Kevin, Albuquerque, New Mexico
Psychologist: Suzanna Chabaud
Cleanup Crew and Psychological Support: Dorothy Breininger

Kevin is 54, he lives in a town home purchased in the mid-80's and lives his life as a single, successful guy!

The camera crew just HAD to give us a close-up shot on those feet. I don't blame them. Good for them, bad for my brain.

Debbie and Janelle are Kevin's sisters. Janelle says his house smells worse than a gas station bathroom. The standard barometer for all things filthy.

Kevin, the single and successful guy, has an incontinence problem and keeps a hoard of Depends next to his chair.

Joan is Kevin's mother. The last time she was in his house it was neat and clean. Now she aptly describes it as a trash dump/war zone.

He had just all sorts of health problems. Kev's been living in a hotel for a month so the home health workers don't see his house and condemn it.

Dorothy is here so you know she's going to handle business! Oh here it comes! Here comes the dildos...something he doesn't want to show the public. IT HAS TO BE THE DILDOS! He's making Dorothy hide whatever it is in the car.

Kevin's in a panic about his family being in his house cleaning the hoard. Oh they've spotted it. Pretty hardcore pornography and bibles. According to Dorothy it's a "massive porn collection". God this is wonderful! Could this be anymore wonderful?
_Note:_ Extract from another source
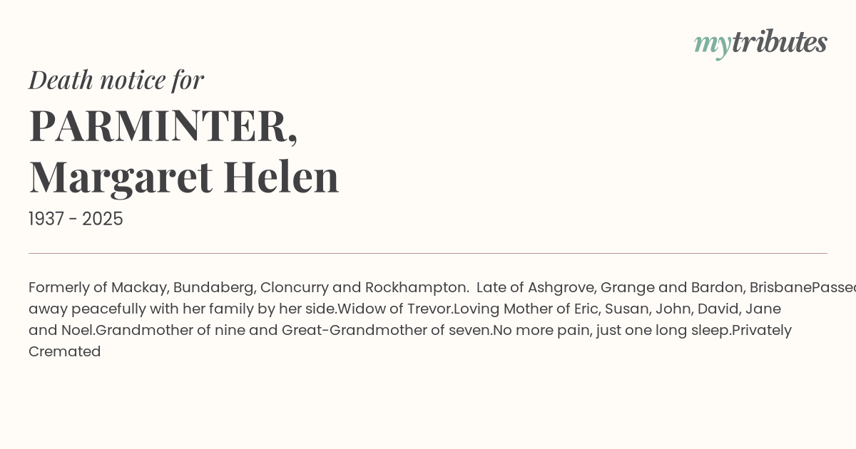 23°CFormerly of Mackay, Bundaberg, Cloncurry and Rockhampton. Late of Ashgrove, Grange and Bardon, Brisbane
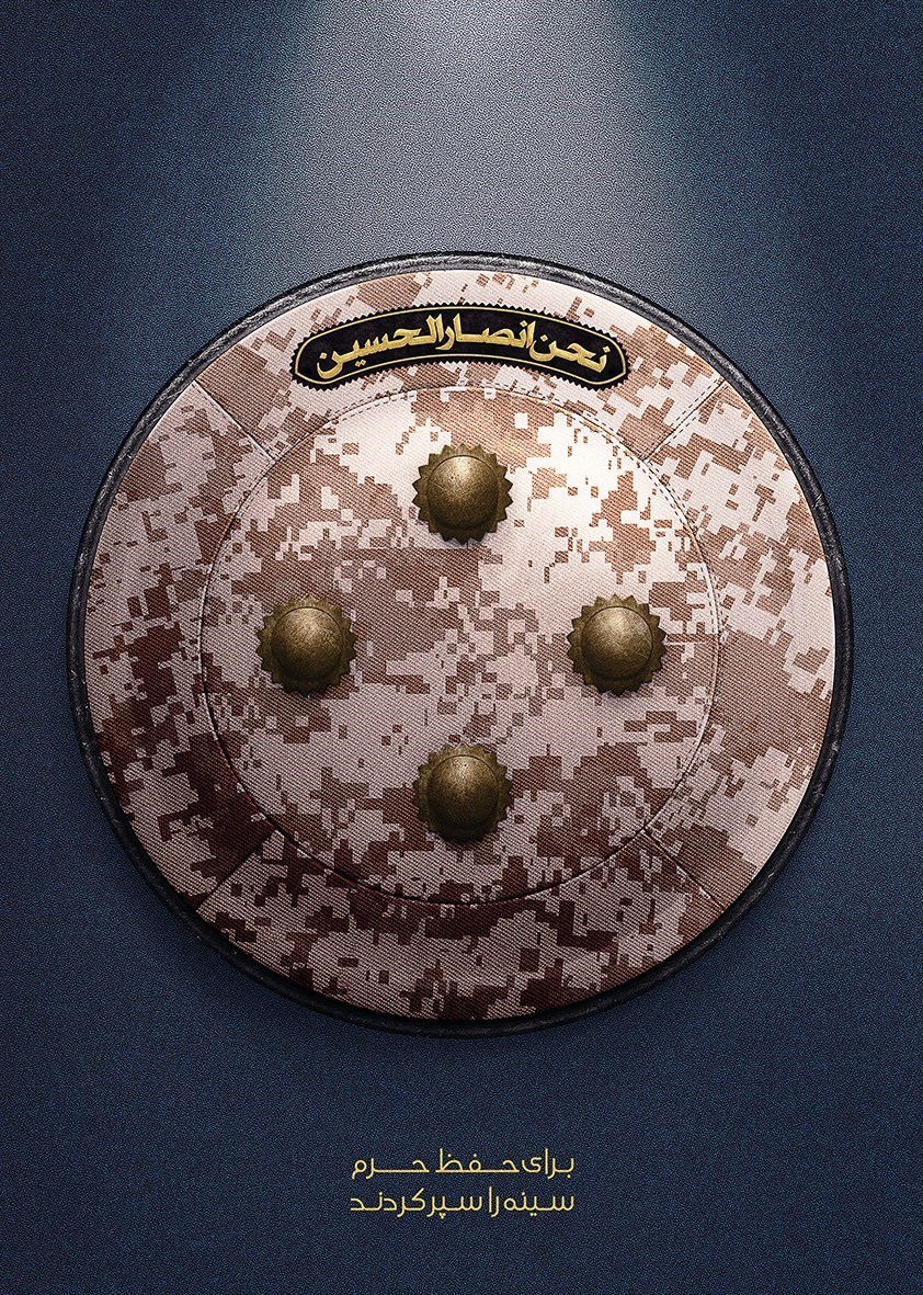 این پوستر مدافعان حرم را به سپری تشبیه کرده است که تا پای جان پای امام شهیدان و راهش ایستادگی کردند و نگذاشتند تروریستها حتی در خواب حرم حضرت زینب (س) را ببینند.

Dorthy found a discovery no one was expecting. Is it the dildos!? Nope! Garter belts. Dorthy doesn't know if he collects or wears it. And why would she know that? There are also wigs. I hope they can get this cleaned up and display his wigs on mannequin heads so he can style them.

IT'S THE DILDOS!! "Oh my god!" Everyone says. "This is S&M stuff!" exclaims Dorothy. Here we go! He's got a mask! And now the sisters are breaking down in tears over it? I mean...I'd say compared to the garbage bag of dirty diapers this isn't really a big deal is it? It's just his thing! Their brother's sex life is none of their business. He didn't even want them to clean the house! He wanted it to just be the crew. Lay off!
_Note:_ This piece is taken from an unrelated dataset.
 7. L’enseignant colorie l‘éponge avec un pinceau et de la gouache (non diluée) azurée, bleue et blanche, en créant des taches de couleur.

"There's more to the porn." That's how Dorothy describes it. NUMEROUS DILDOS! You guys, there's a trash bag of diapers downstairs.  That's the problem. The dildos and stuff are funny, but nothing to cry about.
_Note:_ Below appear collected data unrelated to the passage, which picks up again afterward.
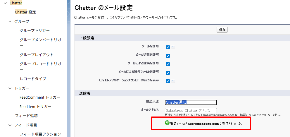 設定変更が反映されたか、Chatter投稿などで通知メールが届くかを確認します
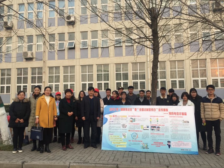 活动现场重点宣传党的十九大精神学习,宣传习近平新时代中国特色社会主义思想法治内涵;号召广大同学和人民群众深入学习宪法,增强宪法观念,弘扬宪法精神;广泛宣传中国特色社会主义法律体系;全面落实“七五”普法要求。采取了悬挂横幅、发放宣传资料、设立律师咨询台、摆放宪法宣传版面及普法签名相结合的形式。在校外宣传点鹰城广场,平顶山市委常委、政法委书记黄庚倜,平顶山市人大常委会副主任张荣海也郑重得在我们的宣传条幅上签名。
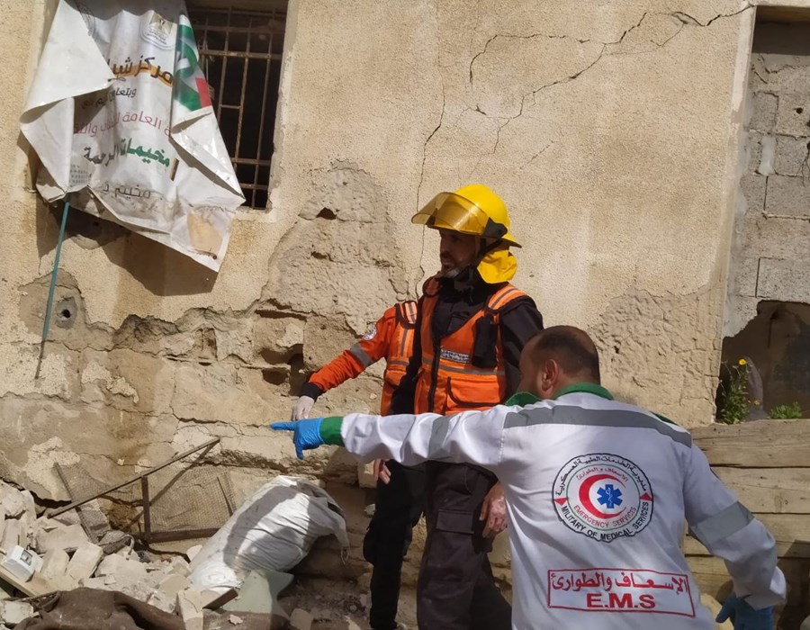 أطقم الدفاع المدني والخدمات الطبية العسكرية خلال قيامها بواجبها الوطني
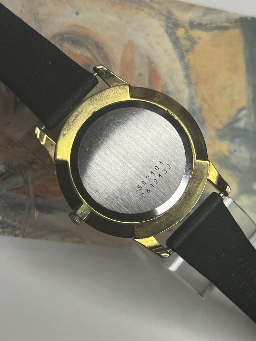 Hi, Im selling this ultrathin Universal Geneve Kanji dial vintage watch. The case is THIN, works perfectly as a dress watch or a funky standout piece to spice up an outfit or be a conversation starter. Watch is manual wind and works perfectly. The size is great, especially for someone like me with ~6.25 in wrists, measuring roughly 31mm across, it’s not too bulky and due to the thin nature of the watch, can fit perfectly beneath the cuff. I threw on an aftermarket strap I had laying around, it’s too small for this watch. For an extra $10 I can put a new basic strap on but I’d advise you just get a new one off eBay or something to better get the most for your money. Please reach out if you want to see this or any other watch over FaceTime. See all pictures for details and timestamp. Feel free to message, comment, or PM me any questions you may have. Shipping is included in the United States. I accept most forms of major payment. For more vintage watches and first dibs on affordable pieces follow my Instagram at: Ar.ro.ws
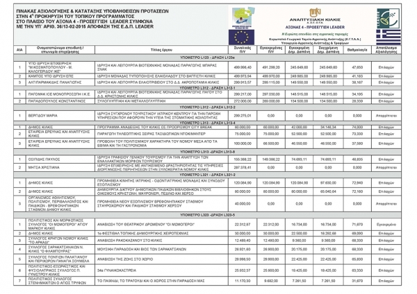 Τα επενδυτικά σχέδια συνολικού κόστους 2.564.599,32€ που πληρούσαν τις προϋποθέσεις ένταξης αξιολογήθηκαν και κατατάχθηκαν κατά φθίνουσα σειρά με βάση τη βαθμολογία τους και προωθούνται προς ένταξη. Τα επιλαχόντα επενδυτικά σχέδια αναμένεται να εγκριθούν και άμεσα να ενταχθούν μετά την ολοκλήρωση της διαδικασίας μεταφοράς πιστώσεων και της σχετικής έγκρισης από την ΕΥΕ ΠΑΑ Ανταγωνιστικότητα. Η Δημόσια Δαπάνη θα καταβληθεί από το Ελληνικό Δημόσιο (Υπουργείο Αγροτικής Ανάπτυξης και Τροφίμων) και το Ευρωπαϊκό Γεωργικό Ταμείο Αγροτικής Ανάπτυξης. Σημειώνεται ότι όλοι οι ενδιαφερόμενοι έχουν το δικαίωμα να υποβάλλουν ένσταση κατά της παραπάνω απόφασης της Ε.Δ.Π. Στον πίνακα που ακολουθεί εμφαίνονται τα επενδυτικά σχέδια που υποβλήθηκαν, η σειρά κατάταξής τους ανά δράση καθώς και ο εγκεκριμένος προϋπολογισμός τους. Τονίζεται, τέλος, ότι η Αναπτυξιακή Κιλκίς αιτήθηκε από το Υπουργείο Αγροτικής Ανάπτυξης και Τροφίμων πρόσθετη κατανομή πιστώσεων ύψους 1.000.000€ περίπου με στόχο την άμεση έναρξη υλοποίησης όλων των εγκεκριμένων έργων αλλά και την δυνατότητα ένταξης νέων που θα ενισχύσουν σημαντικά την τοπική οικονομία και ανάπτυξη.
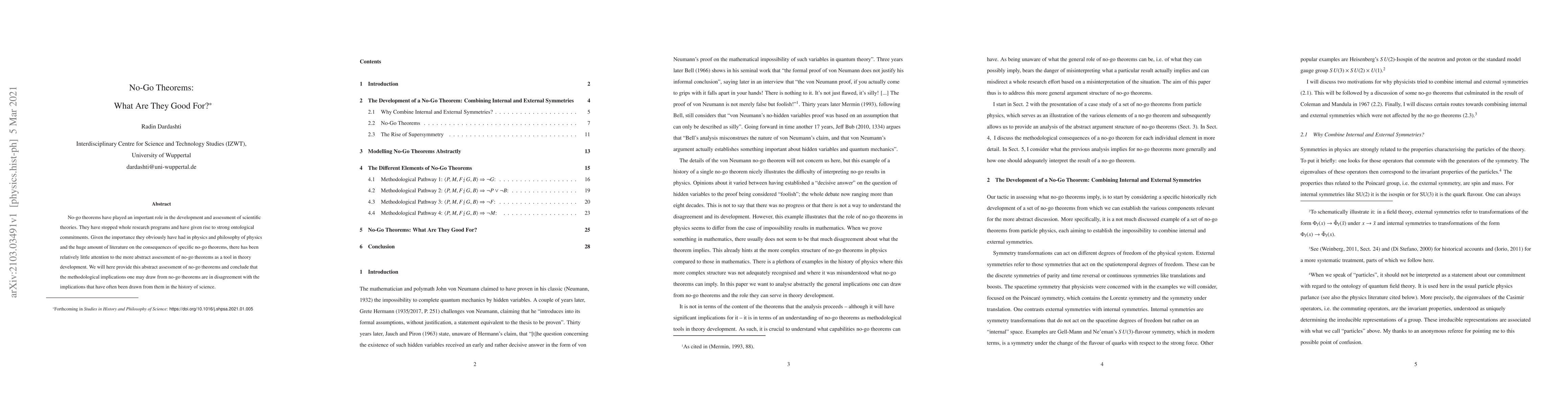 This paper provides an abstract assessment of no-go theorems, concluding that their methodological implications often conflict with the historical implications drawn from them in the development and assessment of scientific theories.
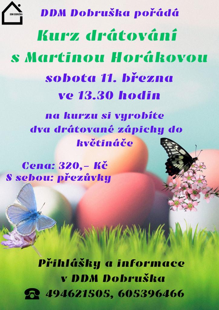 DDM Dobruška pořádá KURZ DRÁTOVÁNÍ S MARTINOU HORÁKOVOU. Na kurzu si vyrobíte dva drátované zápichy do květináče. cena: 320 Kč S sebou: přezůvky
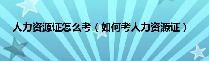 人力资源证怎么考(如何考人力资源证)
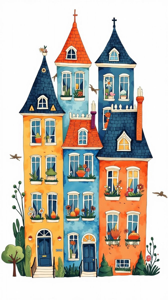 #5. paper cut gouache illustration showcasing row houses on a white background, whimsical designs inspired by mary blair and j. journalists, fantasy house #role_houses
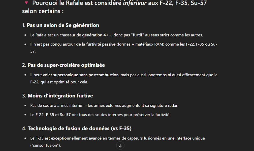 écoute tu utilises chat GPT, j'attends des sources crédible en attendant arrête de te ridiculiser en citant de l'aviation des années 90 et 70, en parle en 2025 le golem de mauvaise foi et en big 2025 la france s'est fait abattre son rafale par un shithole où il n'y a pas l'eau courante partout
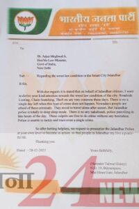 जालंधर पुलिस अपराधियों पर नकेल कसने में असफल साबित हो रही है। इसी मुद्दे को प्रमुखता से युवा नेता हनी तलवार ने केंद्रीय कानून मंत्री के सामने उठाया। हनी तलवार ने कहा कि जालंधर स्मार्ट सिटी के अंतर्गत केंद्र सरकार के अधीन आता है जिसे लेकर उन्होंने केंद्रीय कानून मंत्री से जालंधर और जालंधर के लोगों की रक्षा की गुहार लगाई है और जालंधर में सीआरपीएफ के टुकड़े लगाने के लिए आगह किया है जिसे लेकर केंद्रीय कानून मंत्री ने उन्हें आश्वासन दिया है कि वह जल्द से जल्द पंजाब सरकार को और पंजाब गृहमंत्री को लेकर एक बड़ी चिट्ठी लिखेंगे और जालंधर में हो रही अपराधी घटनाओं पर लगाम कसने के लिए प्रमुखता के लिए तौर पर कहेंगे।

They got it all so clean and nice1 Kevin loves it!! He called his sister angels.

He's doing aftercare therapy and he's doing good!

2 comments:

Anonymous said...

whoa....I say let the guy have his wigs and what not and clean up those turdy diapers girls. That sister was a real snit, but I did enjoy the episode anyway!

sonsatlanta said...

are you going to review any more Hoarder episodes my friend?